In her latest thriller, “What We Did,” best-selling British author Christobel Kent seizes the old rule of Chekhov’s gun and runs with it. As every aspiring playwright knows, Chekhov famously opined that: “If in Act One you have a pistol hanging on the wall, then it must fire in the last act.” That’s too sluggish a suspense timeline for Kent.
In Chapter 3 of “What We Did,” Kent’s heroine, Bridget Webster, stows a heavy log on a rickety storage room shelf of the dress shop she owns. (The log was the centerpiece of an autumnal window display.) We readers — who think we know our Chekhov — smugly settle in, anticipating a long wait for the climactic ending when that sinister log will come tumbling down. But Kent speedily dispenses with this mossy deus ex machina: A few scant chapters later, that log rolls off the shelf to bash its deserving victim. Kent wants to school her readers in the same lesson her main characters here must learn: Namely, the deadliest dangers don’t announce their presence so boldly; instead, they’re lurking in plain sight, beneath cultured voices and friendly computer texts.
Like many a heroine of the classic woman-in-trouble tale, Bridget has a secret that gnaws at her. Many years ago, when she was a teenager, she was repeatedly sexually abused by her music teacher, a monster named Anthony Carmichael. Ashamed and scared, Bridget hid the abuse from her widowed mother; subsequently, she struggled with anorexia and depression. Now middle-aged, Bridget is married to Matt (an IT technician at a nearby undistinguished university) and is mother to their teenage son, Finn. She also owns that aforementioned sedate dress shop in a historic section of the English town they live in. Life is happy enough, especially because, as Bridget reflects:
“Matt had never asked. It was why they were happy. Never asked why there were things she couldn’t do, or listen to, or eat; he treated her like she was normal, and in turn she did the same for him. Mr. and Mrs. Normal: she knew it was why plenty of her customers came in, they could be sure there’d be no hysterics, no loud music, no clothes with bits flapping or unexpected holes. There’d be the magazine perfectly centered on the mirrored cube, and the bright soft colors.”

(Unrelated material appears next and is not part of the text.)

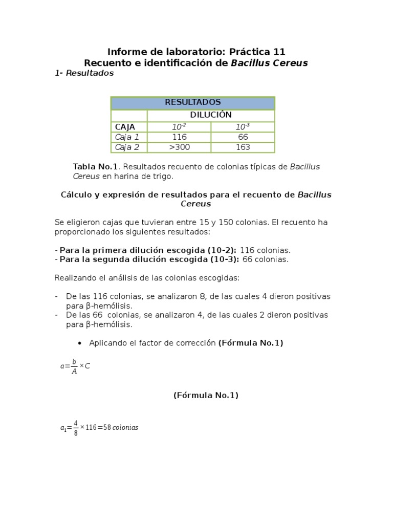 - Para la primera dilucin escogida (10-2): 116 colonias.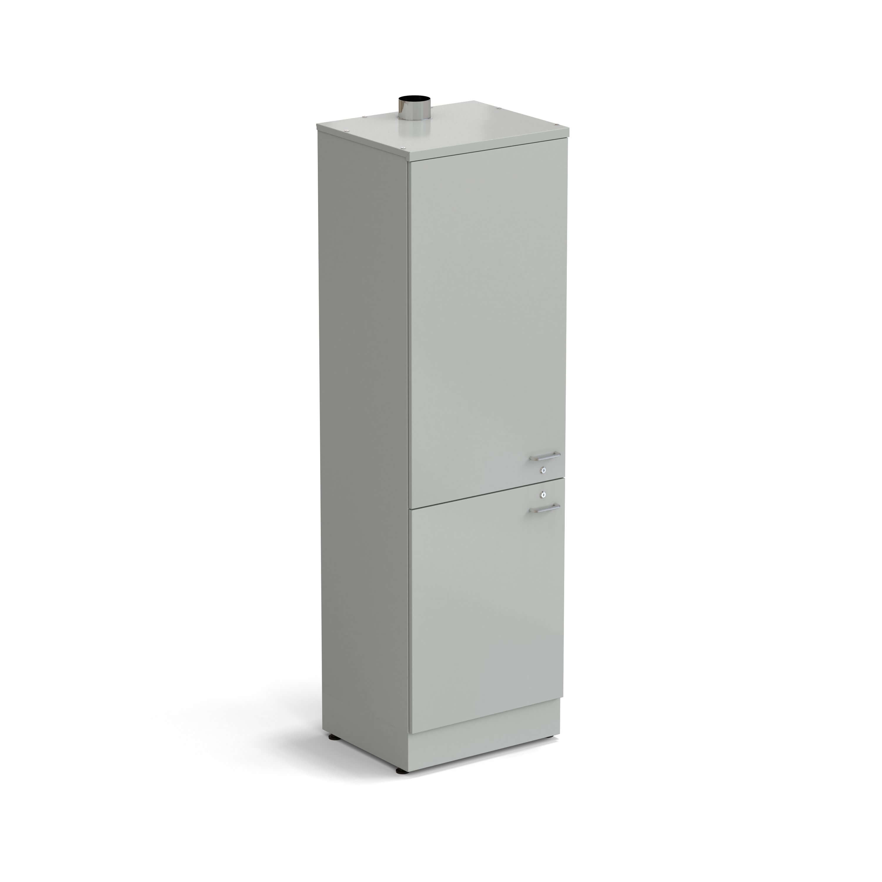 • Шкаф оборудован фланцем диаметром 100 мм для подключения к системе вытяжной вентиляции и имеет металлические дверцы, каждая из которых запирается на ключ;

Readers learn about Bridget’s past in carefully scattered flashbacks because in the opening scene of this novel, the unthinkable happens. One dark November afternoon when the dress shop is empty, the door opens and a man and a pretty young girl (perhaps his granddaughter?) enter. The girl tells Bridget she’s looking for a special dress for her music recital. Somewhat creepily, she’s accompanied by her teacher, none other than an aged Anthony Carmichael. It turns out he’s been appointed a visiting fellow in the music department of the same university where Matt works.
Now that he’s found Bridget (it’s ambiguous whether that first encounter was by design or happenstance), Carmichael begins stalking her, driving by the Webster home and returning to the dress shop when it’s empty to corner her. That’s when Bridget, no longer a terrified teenager, finishes what fate (and a shaky storage shelf) began and goes all Paul Bunyan on Carmichael, wielding that heavy fallen log as a weapon.
This violent reckoning takes place in the opening chapters of “What We Did.” The focus of this engrossing psychological thriller is on the aftermath, in which Bridget desperately tries to put the lid back on her old quiet life (and dispose of Carmichael’s cumbersome corpse in an era of ubiquitous CCTV cameras), all the while selling fancy frocks, whipping up family dinners, and fending off a dogged female investigative reporter who’s harbored suspicions about Carmichael for years.
“What We Did” can be thought of as an atmospheric tale of macabre multitasking. Kent serves up a twisting and complex plot, but the novel’s chief appeal lies in the tense character of Bridget, who learns that a life lived under the radar can’t protect her from the creepy-crawly things that live there, too.
Maureen Corrigan, who is the book critic for the NPR program “Fresh Air,” teaches literature at Georgetown University.